(Items from a dataset)

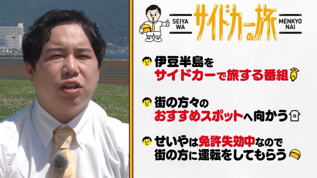 この番組は、免許失効中で運転出来ないせいやさんに代わって街の人にサイドカーを運転してもらって、お勧めの場所を巡ると言う「サイドカー旅番組」。
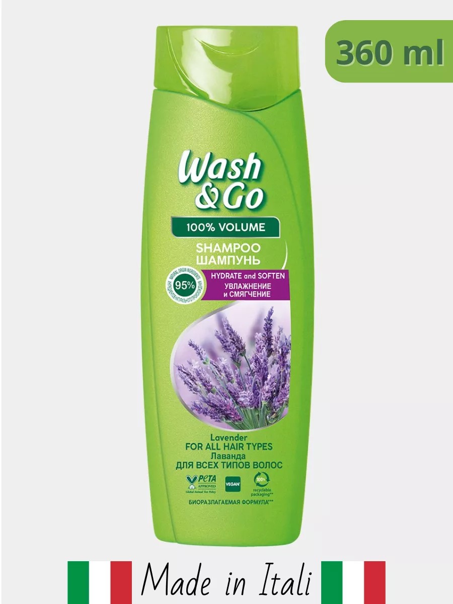 Натуральный шампунь для всех типов волос с экстрактом лаванды Wash & Go – это идеальное средство для ежедневного ухода за волосами как для мужчин, так и для женщин. Итальянский шампунь 2в1, благодаря формуле с бальзамом, даёт мгновенный результат, позволяя высвободить больше времени и энергии на новые свершения. Мгновенный 100% объем. 95% натуральных ингредиентов. Wash&Go – больше времени для любимых дел! Как шампунь для поврежденных волос, Wash & Go Лаванда помогает восстановить и укрепить волосы, делая их густыми и здоровыми. Лаванда смягчает волосы, делая их живыми и объёмными. Аромат лаванды дарит успокаивающий эффект. Идеально подходит для тонких, повреждённых и нормальных волос, для укрепления и питания. Если вы хотите подарить своим волосам эксклюзивный уход, наш восстанавливающий шампунь с экстрактом Лаванды – то, что вам нужно. Вы оцените его разглаживающий эффект и укрепляющие свойства. Органическая формула поможет вам ухаживать за кожей головы и добиться её глубокой очистки. Шампунь Вош энд го - это целый комплекс ухода. Попробуйте, и вы почувствуете нашу заботу о вашей красоте. Большой объем 360 мл хватит надолго. 95% натуральный состав. Благодаря современной формуле, Wash and Go ЛАВАНДА бережно ухаживает, придавая волосам прекрасный внешний вид, жизненный блеск и яркость. Можно использовать как для неокрашенных, так и для окрашенных волос для сохранения яркости. Многие годы формула W&G постоянно совершенствуется – появляются новые комбинации ингредиентов для максимального результата с минимумом затрачиваемых усилий. Способ применения шампуня: 1. Смочите голову теплой водой у корней и по длине. 2. Нанесите необходимое количество средства на ладони. 3. Вспеньте и нанесите на кожу головы, избегая попадания на длину, чтобы не пересушить волосы по длине. 4. Массажными движениями распределите часть пены от шампуня по коже головы. 5. Смывать теплой водой, распределяя пену по длине. Wash & Go – только качественные товары итальянского производства!
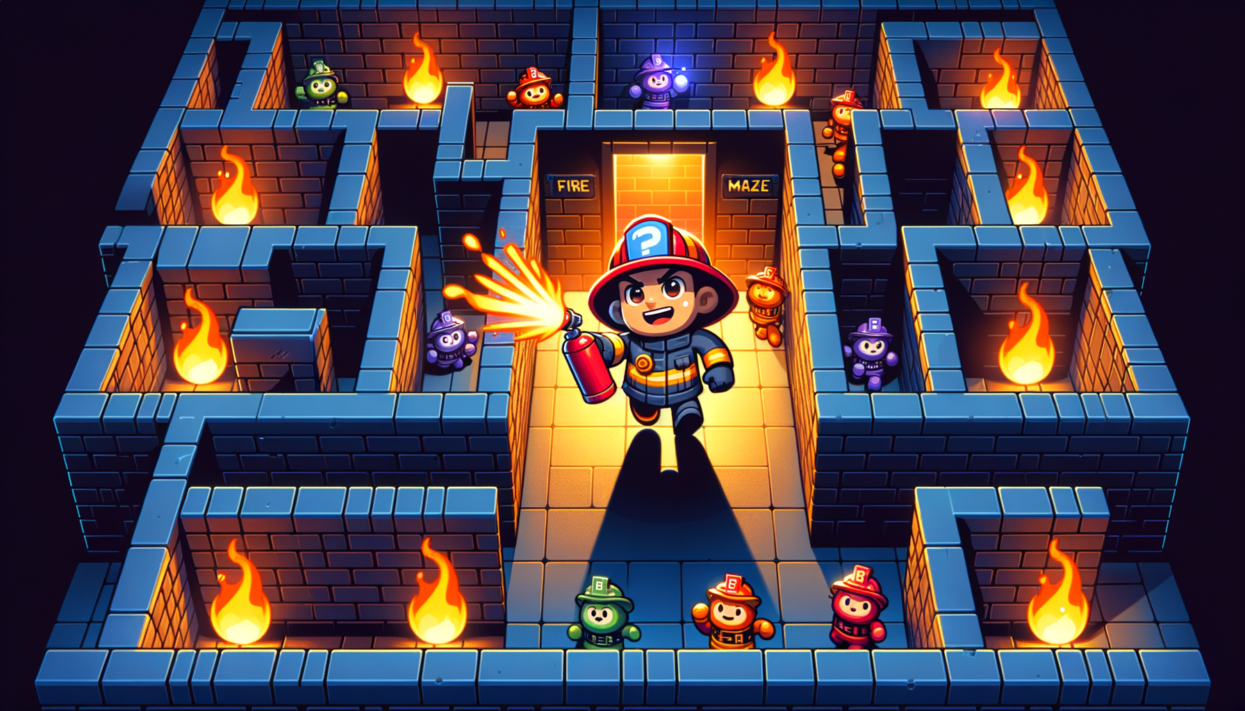 Play the Fire Fighter arcade game! Navigate the maze, extinguish fires, rescue people and pets. Compete for high scores and chat with fellow players.
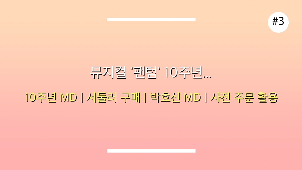 A: 10주년 기념 MD는 일반적으로 프로그램 북, 포토 카드, 키링, 의류 등 다양하게 출시됩니다. 박효신 배우 관련 MD는 팬들 사이에서 인기가 매우 높으므로, 공연 관람 전에 현장 MD 판매 정보를 미리 확인하거나 온라인 사전 판매를 이용하는 것이 좋습니다. 한정 수량인 경우가 많으니 서두르는 것이 좋습니다.
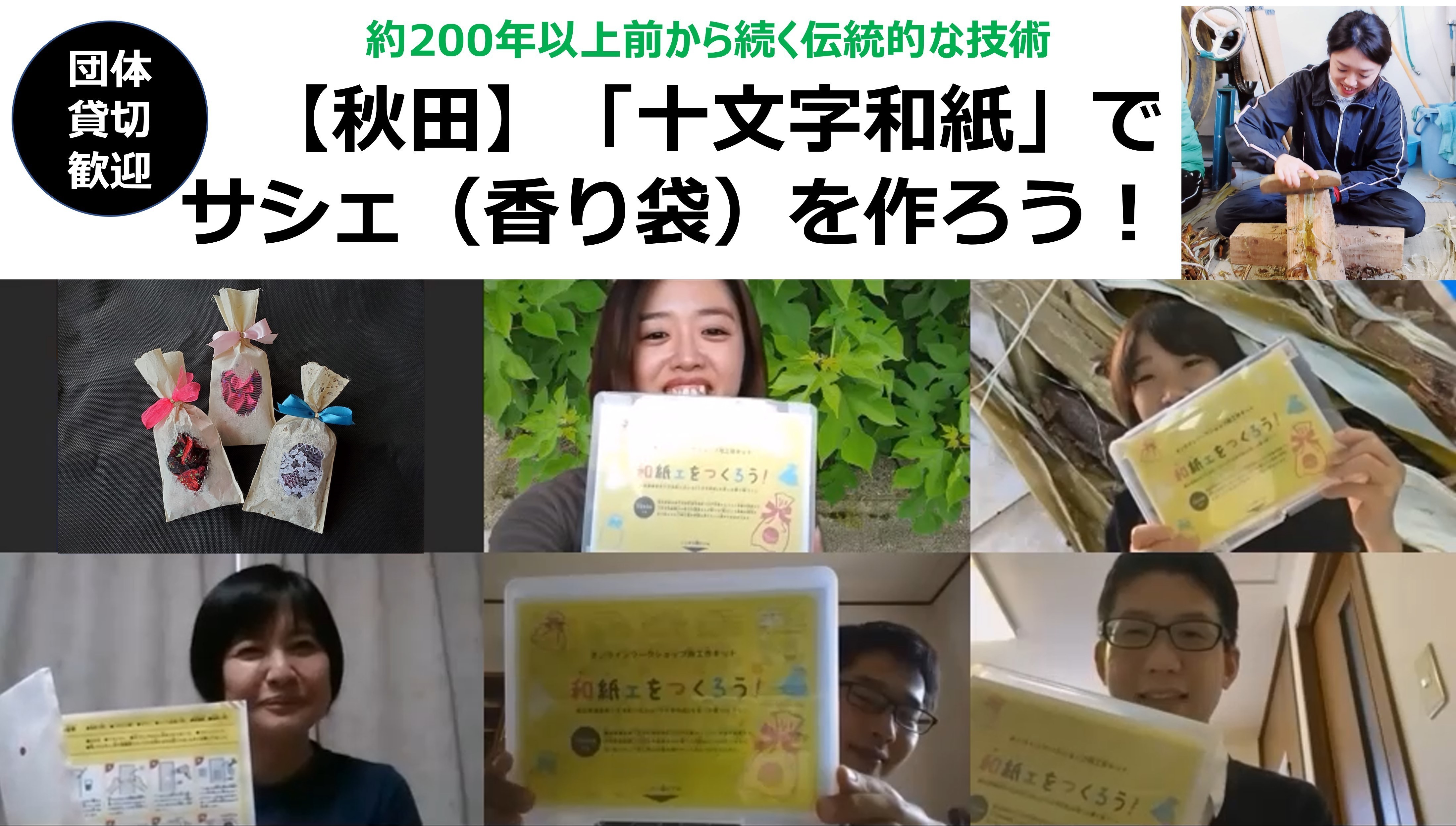 【お子様歓迎】「十文字和紙」でサシェ(香り袋)を作ろう!:オンライン
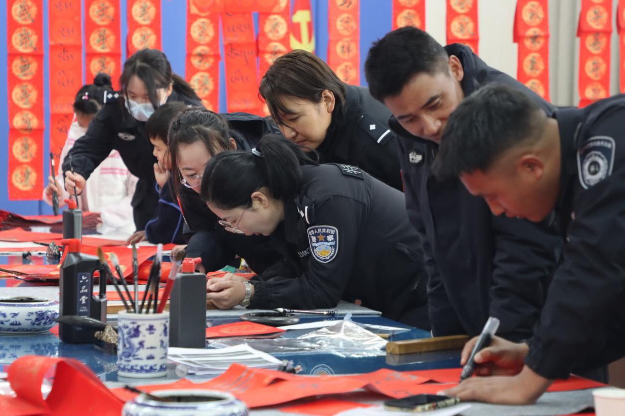 此次活动历时2小时,警营书法家及书法爱好者共创作春联400余副、“福”字500余张,为警营增添了浓郁的节日色彩。

(WHAT YOU HAVE TO DO): Retype the records above exactly, pictures omitted.

(RESULT FOR THIS EXERCISE):
 この番組は、免許失効中で運転出来ないせいやさんに代わって街の人にサイドカーを運転してもらって、お勧めの場所を巡ると言う「サイドカー旅番組」。
 Натуральный шампунь для всех типов волос с экстрактом лаванды Wash & Go – это идеальное средство для ежедневного ухода за волосами как для мужчин, так и для женщин. Итальянский шампунь 2в1, благодаря формуле с бальзамом, даёт мгновенный результат, позволяя высвободить больше времени и энергии на новые свершения. Мгновенный 100% объем. 95% натуральных ингредиентов. Wash&Go – больше времени для любимых дел! Как шампунь для поврежденных волос, Wash & Go Лаванда помогает восстановить и укрепить волосы, делая их густыми и здоровыми. Лаванда смягчает волосы, делая их живыми и объёмными. Аромат лаванды дарит успокаивающий эффект. Идеально подходит для тонких, повреждённых и нормальных волос, для укрепления и питания. Если вы хотите подарить своим волосам эксклюзивный уход, наш восстанавливающий шампунь с экстрактом Лаванды – то, что вам нужно. Вы оцените его разглаживающий эффект и укрепляющие свойства. Органическая формула поможет вам ухаживать за кожей головы и добиться её глубокой очистки. Шампунь Вош энд го - это целый комплекс ухода. Попробуйте, и вы почувствуете нашу заботу о вашей красоте. Большой объем 360 мл хватит надолго. 95% натуральный состав. Благодаря современной формуле, Wash and Go ЛАВАНДА бережно ухаживает, придавая волосам прекрасный внешний вид, жизненный блеск и яркость. Можно использовать как для неокрашенных, так и для окрашенных волос для сохранения яркости. Многие годы формула W&G постоянно совершенствуется – появляются новые комбинации ингредиентов для максимального результата с минимумом затрачиваемых усилий. Способ применения шампуня: 1. Смочите голову теплой водой у корней и по длине. 2. Нанесите необходимое количество средства на ладони. 3. Вспеньте и нанесите на кожу головы, избегая попадания на длину, чтобы не пересушить волосы по длине. 4. Массажными движениями распределите часть пены от шампуня по коже головы. 5. Смывать теплой водой, распределяя пену по длине. Wash & Go – только качественные товары итальянского производства!
 Play the Fire Fighter arcade game! Navigate the maze, extinguish fires, rescue people and pets. Compete for high scores and chat with fellow players.
 A: 10주년 기념 MD는 일반적으로 프로그램 북, 포토 카드, 키링, 의류 등 다양하게 출시됩니다. 박효신 배우 관련 MD는 팬들 사이에서 인기가 매우 높으므로, 공연 관람 전에 현장 MD 판매 정보를 미리 확인하거나 온라인 사전 판매를 이용하는 것이 좋습니다. 한정 수량인 경우가 많으니 서두르는 것이 좋습니다.
 【お子様歓迎】「十文字和紙」でサシェ(香り袋)を作ろう!:オンライン
 此次活动历时2小时,警营书法家及书法爱好者共创作春联400余副、“福”字500余张,为警营增添了浓郁的节日色彩。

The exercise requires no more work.